In the early part of the 19th century animal remains including mammoth tusks, reindeer antlers and arctic shells were found in a pit near Kilmaurs. The fossils were obtained from beds of sand and clay beneath till. A mammoth tusk gave a radiocarbon date of 13700 (+ 1300, –1700) years B.P., but a reindeer antler believed to come from the same deposits was found to have a radiocarbon date of >40000 years B.P.

Since it is possible that one or more of the dated fossils from Kilmaurs and Bishopbriggs have been derived from pre-existing sediments the stratigraphic significance of the material is limited. In addition doubt has been cast on the validity of the radiocarbon dates (Sissons, 1981) and until either of the finite dates can be confirmed conclusions drawn about the limits of the ice-sheet at those dates must be tentative.
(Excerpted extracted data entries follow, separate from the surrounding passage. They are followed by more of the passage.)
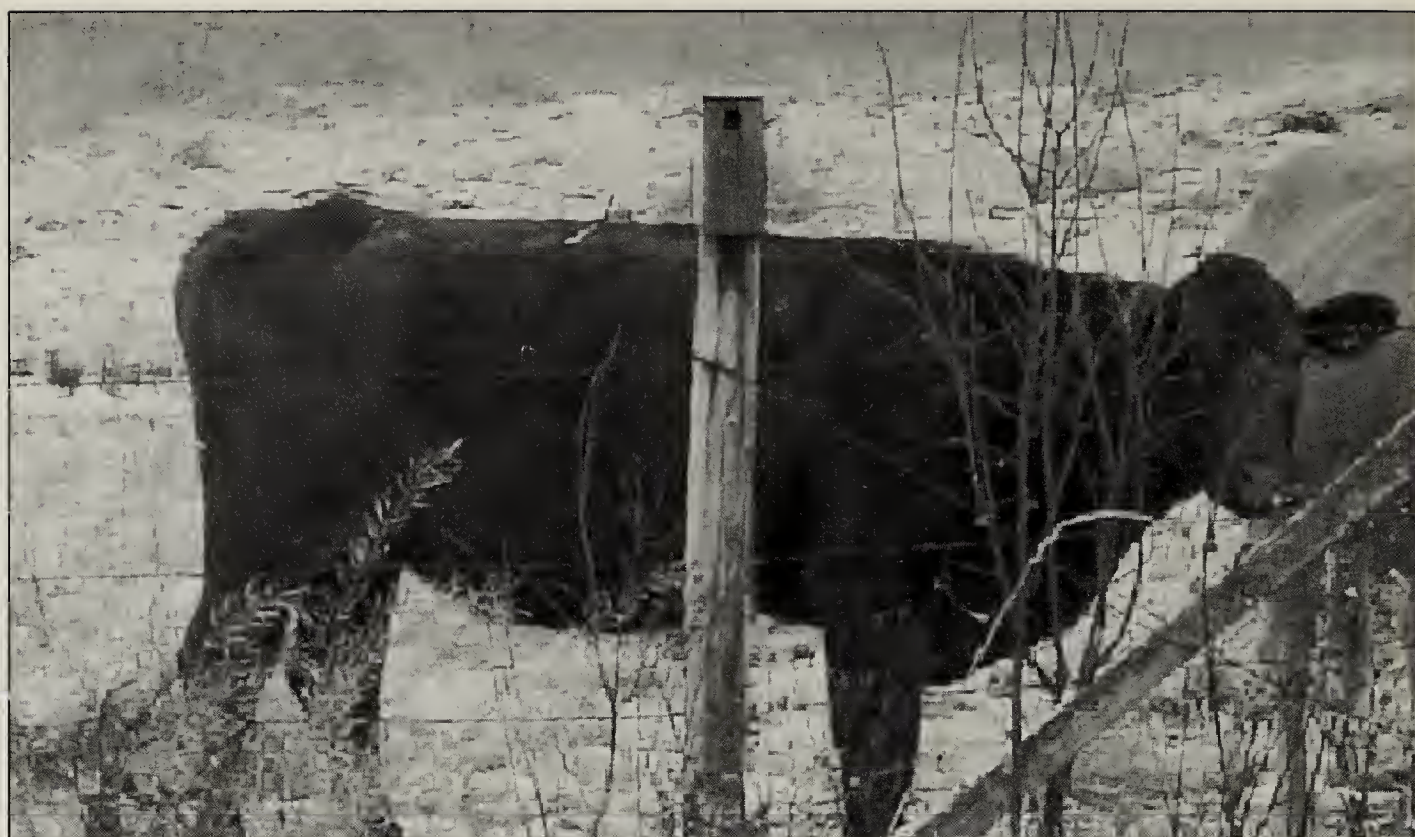
Figure 3. Cattle Egret on the back of a cow, 18 October 2006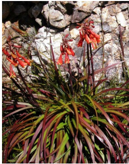
GJ Blandfordia punicea

shrub to 1m; leaves to 4cm, variable shape; flowers white in broad spikes; fruit flat, bright red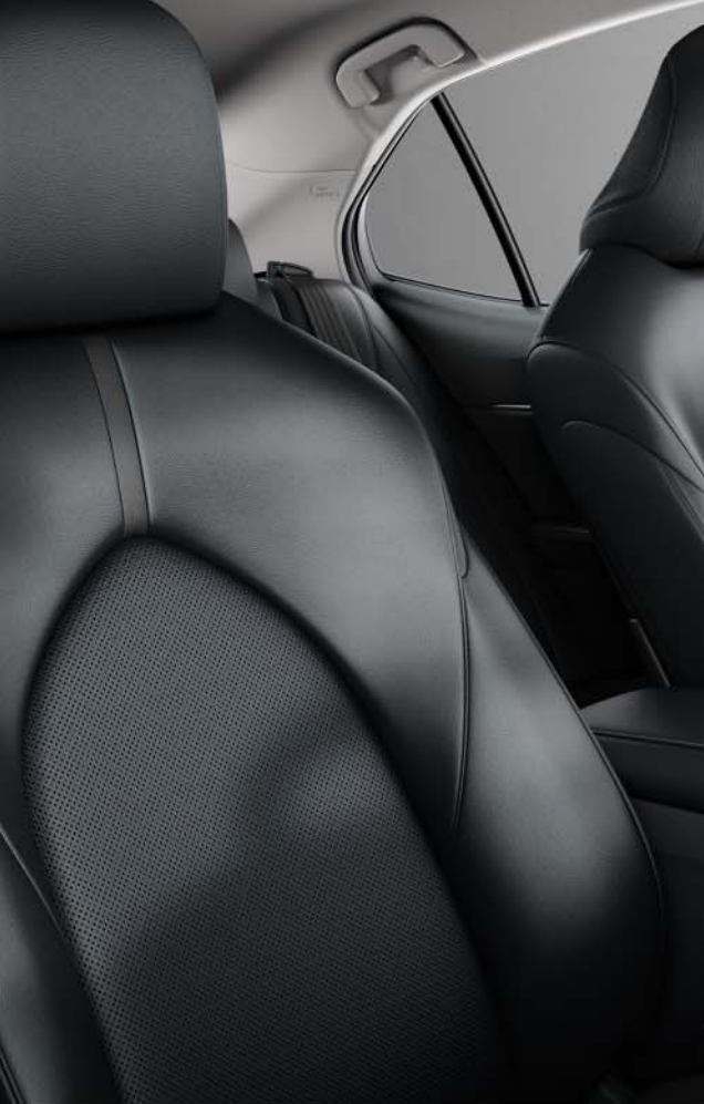
BLACK LEATHER SEATS The black leather seats with a chic herringbone pattern further enhance the sense of sophistication.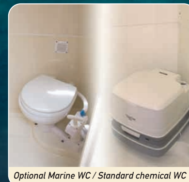
Optional Marine WC / Standard chemical WC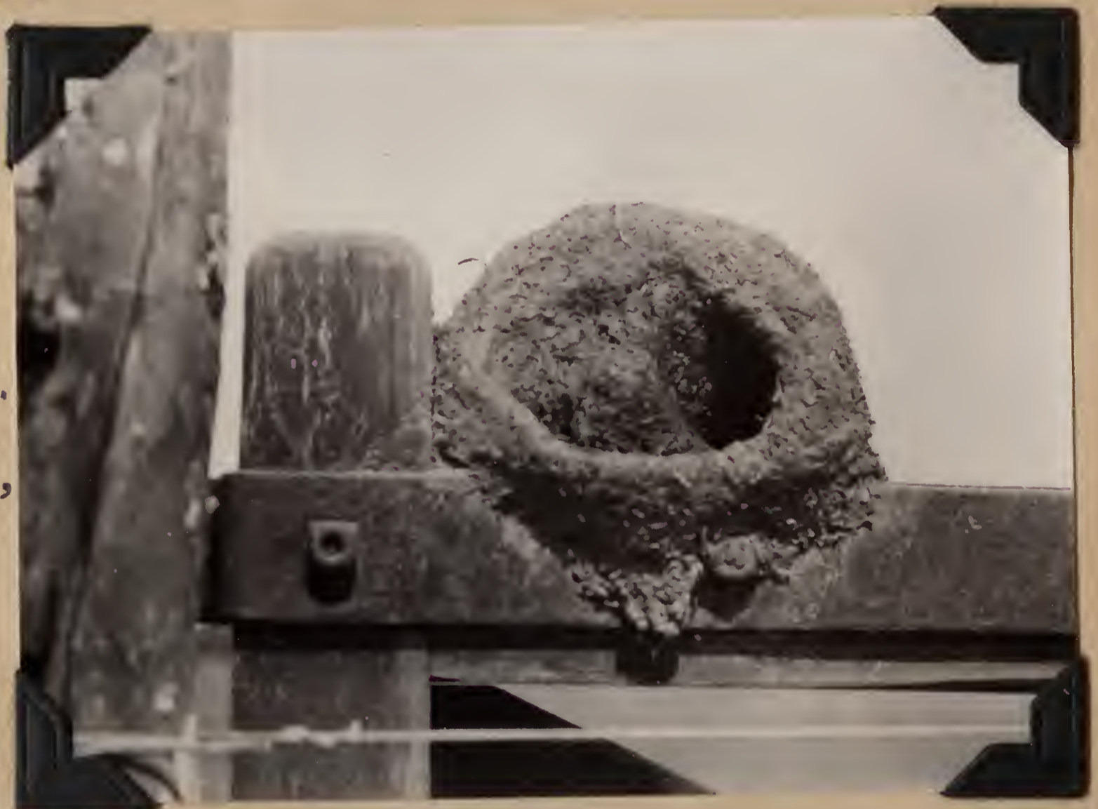
B.S. 22169. Nest of ovenbird or hornero ( Furnarius rufus ) on gate that is used daily. Lavalle, Buenos Aires, Argentina. November 11, 1920.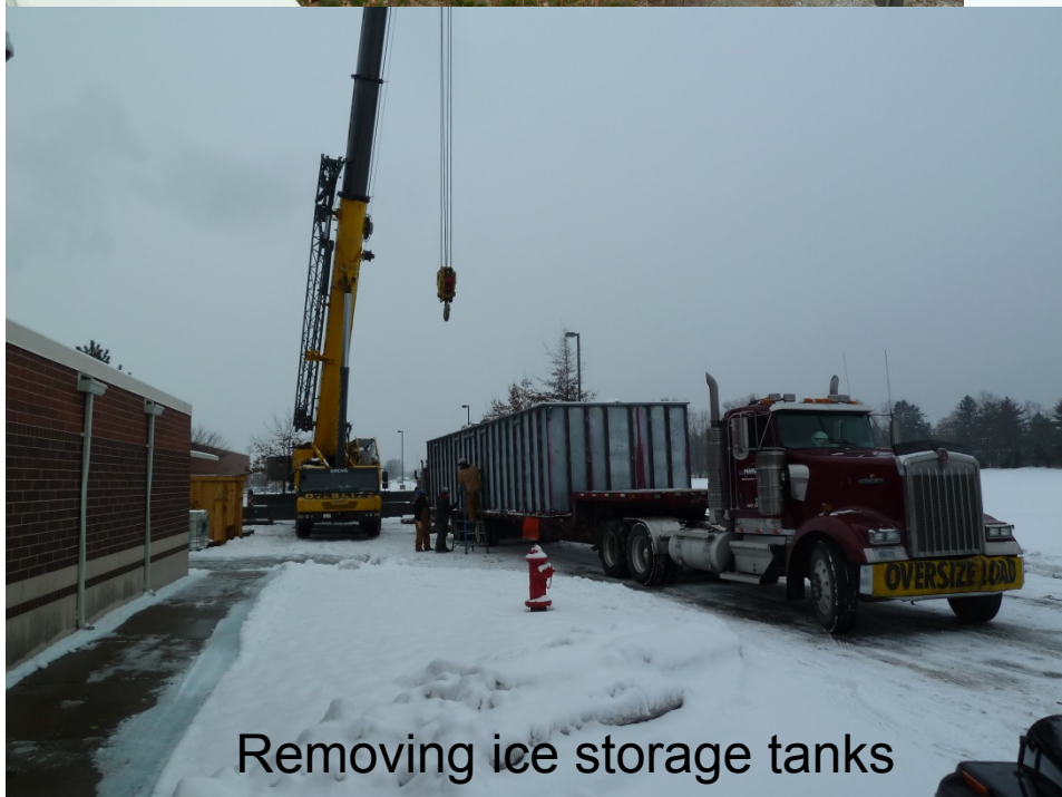
Removing ice storage tanks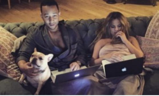
John Legend and Chrissy Teigen.

time apart really does make the heart grow fonder!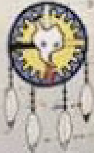
Beadville First Nation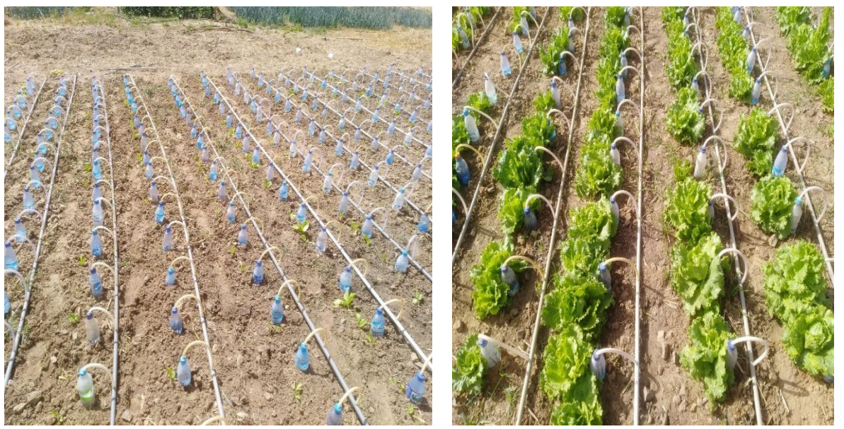
Plate 1: The Set up (a) immediately after transplanting (b) at maturity.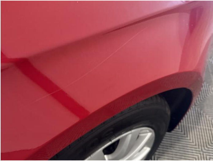
15: Wing osf Scratched Over 25mm Thru Paint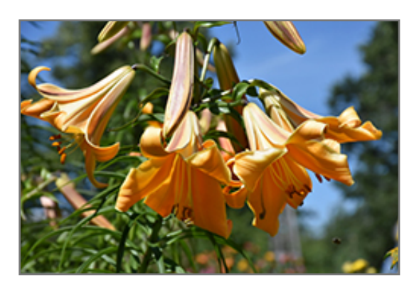
African Queen Lily flowers

Height: 5 feet Spread: 24 inches Spacing: 18 inches Sunlight: ○ ● Hardiness Zone: 4a Other Names: Trumpet Lily Group/Class: Aurelian Hybrid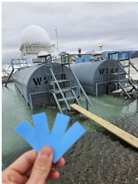
Photo E 1: Hydrocarbon test strips used in berm of tanks W22A & W22B (10-Jul-2023)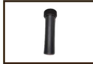
CONCEALED TANK PIPE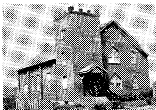
THE FIRST PILGRIM CHURCH

The following churches and their staffs qualified for the respective honors: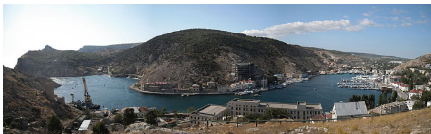
Balaklava: Panoramic view of the town ( http://ru.wikipedia.org/wiki/Балаклава )

At present, the harbor gradually is being turned into a yacht club. B. places of interest include the Genoese Fortress Cembalo, Twelve Apostles Cathedral (built in 1357), Naval Museum Complex “Balaklava”. The winery “Golden Balka” is in B.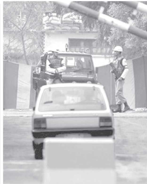
Pakistan's army troops stand guard at the site of Friday's suicide attack, covered with tent, on 5 Dec, 2009 in Rawalpindi, Pakistan.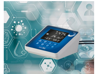
Laboratory measuring device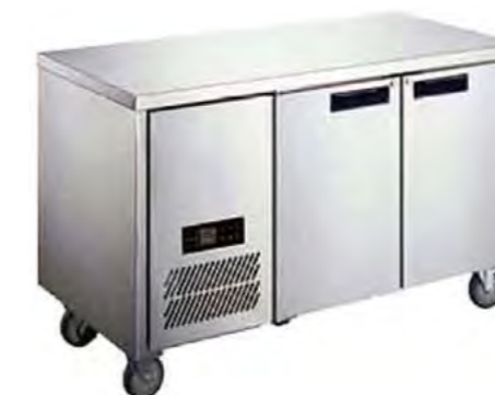
Europe Type Counter Chiller 2 Door 304SCKE-C12M-XDD

Main material: SS 304 Dimension(mm): 1400x815x1975 Voltage: 220V/50Hz Volume: 1182L Temperature: -2°C~+4°C Compressor: Embraco Doors: stainless steel doors Shelves: 8pcs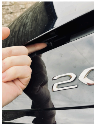
Then locate the secondary catch on the hood, helps if you crouch down and look for the gap to push your fingers in, the catch pushes upwards to release.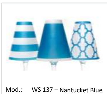
Mod.: WS 137 – Nantucket Blue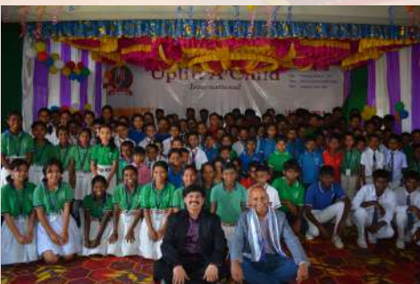
2025 Assam & Other West Bengal Schools Annual Program Read More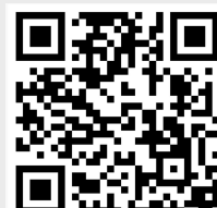
Watch installation video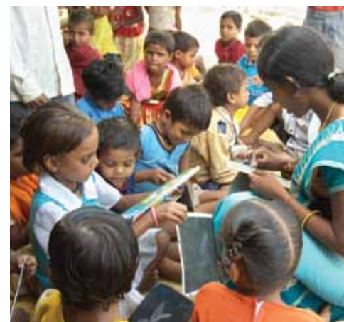
ABOVE: In Bihar, India, AKF supports community-managed learning spaces and provides teacher training and curricula input that helps to make classroom learning relevant to children's daily lives.

Central to AKF's efforts have been inclusive, community-based development approaches , whereby local organisations identify, prioritise and implement projects with AKF's assistance. Once community organisations have started providing services, AKF expands the programme through establishing village organisations elsewhere. AKF then

At Burn of Benholm, near Johnshaven in Kincardineshire lenses of peat intercalated in the basal part of the till have been dated by radiocarbon measurements at >42000 years B.P. The pollen analyses of the samples indicate a tundra environment and the peat is interpreted as being of Early or Middle Devensian age incorporated in a Late Devensian till. At some time during the Devensian glaciation Scandinavian erratics were transported across the North Sea, perhaps indirectly, and were deposited in NE Scotland.

Glaciation

The last glaciation to affect the Midland Valley occurred in the latter part of the Devensian Stage. The ice-sheet spread into the Midland Valley from centres in the western part of the Grampian Highlands and to a lesser extent from the Southern Uplands. The direction of ice movement is shown in Figure

39. The ice-sheet is thought to have reached its maximum development about 18 000 years B.P. when the entire region was buried beneath a thick cover of ice. Estimates of the maximum height of the ice-sheet surface are of the order of 1500 to 1800 m.

Towards the end of the Devensian a period of climatic amelioration caused the ice-sheet to retreat and vegetation colonised the exposed surface. Radiocarbon dates indicate that the Midland Valley was free of ice shortly after 13000 years B.P., but a deterioration in the climate allowed glaciers to form again in the Grampians and locally in the western part of the Southern Uplands. Glacial encroachment into the Midland Valley occurred in the upper parts of the Teith and Forth valleys and south-east of Loch Lomond (P915549). This episode is known as the Loch Lomond Readvance and it occurred between about 11000 and 10300 years B.P.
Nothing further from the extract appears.